Mikhail Krug (Михаил Круг; his real last name is Borobyov, Боробьёв) was a Russian singer-songwriter and musician, one of the most famous and highly regarded in the genre of shanson, or “criminal music” (referring usually to the subject matter). He was also a bard. He died in 2002, at the age of 40.

Krug grew up in Kalinin (now Tver’), where he studied the accordion in school. He became a huge fan of Vladimir Vysotsky when he was young, and as a result of this inspiration started playing the guitar and writing poetry in the late 1970s. His artistic career didn’t start until 1987, though, after he had finished his army service and worked as a driver for many years. At that point, he entered a contest for singer-songwriters and won with his song “About Afghanistan” (“Про Афганистан”). He devoted himself more thoroughly to his songwriting after this win, and also adopted his pseudonym, Krug. “Krug” means “circle” in Russian and is also a word often used to refer to one’s close friends and relatives, or, in the criminal world, to one’s close associates.

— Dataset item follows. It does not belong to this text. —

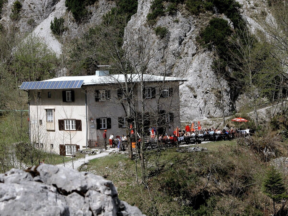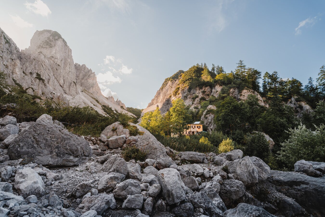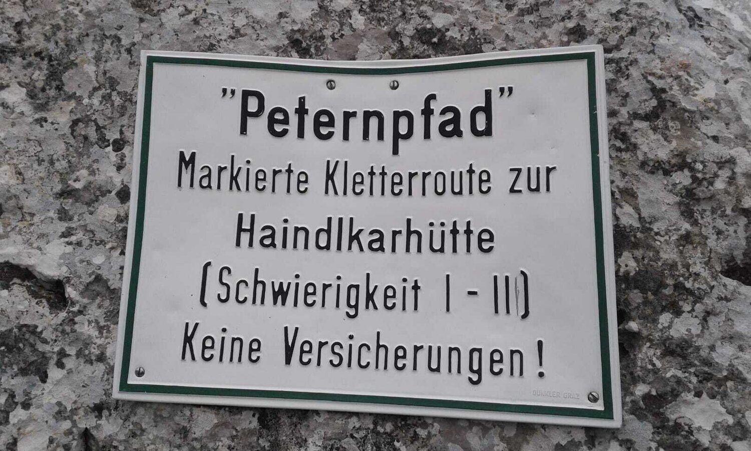 Anfangs wandern wir durch Wald mäßig steil bergwärts, dann durchwegs felsiges, schottriges Gelände. Mehrmals queren wir ein ausgetrocknetes Bachbett und kommen dann schließlich vorbei an der alten Haindlkarhütte. Von dort sind es nur noch ein paar Minuten bis zur neuen Haindlkarhütte. Der Weg ist gesäumt von markanten Felsbrocken, auf denen sich bei entsprechend ruhigem Verhalten des Öfteren Gämsen sonnen. Von der Terrasse bietet sich ein imposanter Ausblick auf die Nordwände der Hochtorgruppe, von wo wir mit etwas Glück mit dem Fernglas den ein oder anderen Kletterer in einer der klassischen Hochtor-Kletterrouten oder Wanderer am Peternpfad entdecken können. Es bietet sich an, auf der Haindlkarhütte zu übernachten und am nächsten Tag gut ausgeruht die vierstündige Tour über den Peternpfad zu gehen.

He began unofficially releasing albums soon after, his first The Streets of Tver’ (Тверские улитцы) in 1989 followed soon by a second, Katya (Катя), the next year, and then several more, all of which circulated in pirated copies with his approbation.

His first official album, Scoundrel Lemon (Жиган-Лимон), appeared in 1994. The album, which consisted of shanson as well as lyrical and poetic songs, is considered the turning point in his career. A documentary was made about him the next year that aired on Russian TV, and in the next few years he won several awards and contests for Russian shanson. In the vague overall tradition of Russian bards, Krug also participated in political activities, though not in the same way as Soviet-era bards had. He was involved in the nationalist Liberal Democratic Party of Russia. Krug himself was known for being opposed to feminism, LGBT rights, and communism.

Krug was killed in 2002 during a home invasion. Krug’s third wife, Irina, began performing his repertoire after his death.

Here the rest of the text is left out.